A badly tainted entrepreneur lands in an idyllic, virtual reality afterlife run by his company—but hostile takeovers and vengeful avatars threaten his control of this digital heaven.

This offering by SF/fantasy author Noble takes the shape of dossiers of recorded transcriptions and documentation spanning the 22nd century, obtained via private investigators and the “Library of Congress VR Division.” They cover, not always chronologically, the rise, fall—and resurrection and fall—of Gunter Holden, scion of a venal businessman father. Gunter sought dad’s favor, among other self-serving relationships, by creating (partially by the theft of technology) a VR afterlife for paying customers. Dubbed Bali Hai, the heavenly realm grants the wishes and fantasies of the deceased dwellers in a cyberscape. Many “bio” (living) individuals even kill themselves to gain early admission. Such was the case with Gunter—only for him, it was a murder-suicide, his way of resolving a love triangle in which he saw his wife (the latest of several) leave him for a black-sheep musician brother, whose finer qualities she more admired. Now the “transitioned” digital Gunter still bids to run his business from Bali Hai. But in the bio world, rivals move in over the decades. They include a Christian-operated, VR-afterlife competitor, who’s not averse to “deleting” millions of virtual people in a show of power, including a self-identifying-as-animals nature cult founded by a former “holo-porn” kingpin. Enemies like these almost make the criminal Gunter seem like a good guy. The fragmented time/space/hard-drive series opener may tax the patience of some readers, especially those seeking straightforward causality. The Holden family tree becomes torturously tangled with each new revelation of Gunter’s hidden early life.
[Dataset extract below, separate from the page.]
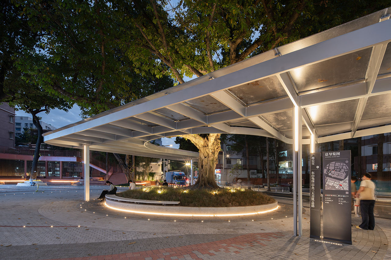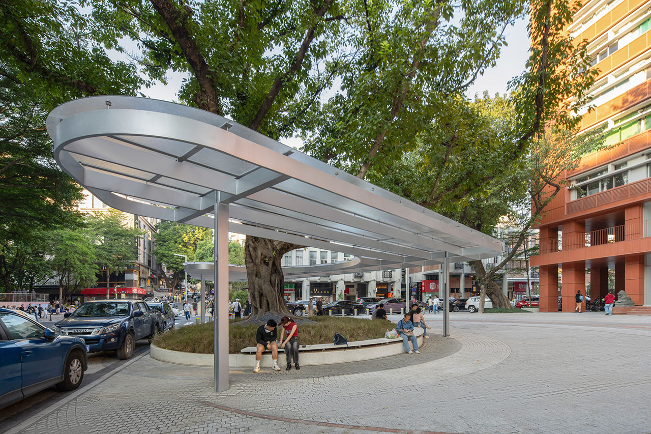 建东大厦门户广场重点解决公交车站与古树的关系,将树池与座椅融合设计,形成遮阳避雨的舒适等候区;顶棚采用透亮耐力板,新材料与古榕树的光影交织,强化了古树作为场所记忆与精神象征的意境。
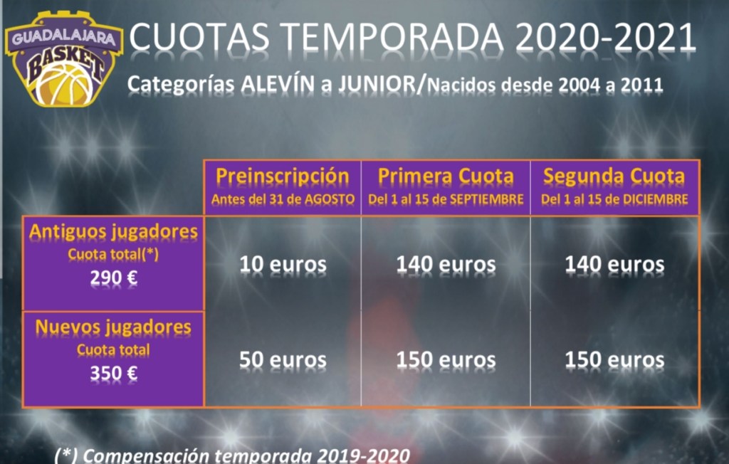 Todas las inscripciones que se realicen después del 15 de Septiembre, en el momento de hacer la inscripción, deberán enviar por correo electrónico a guadalajarabasket@gmail.com el justificante de haber ingresado la pre-inscripción y la 1ª cuota en la cuenta del club (Caixabank):

Meanwhile, the semi-redacted, digital evidence file presentation approaches the techniques of experimental fiction (or Max Headroom getting buggy), with abrupt “memory breaches” and a Citizen Kane–type mosaic of the tormented antihero. The result is a challenging but compelling vision of a privatized, synthetic heaven slowly eaten away by ungodly capitalism, cupidity, and the sins of its founder. Noble credits futurist Ray Kurzweil as a particular inspiration.    

A keen and absorbing what-if tale about VR and a digital afterlife.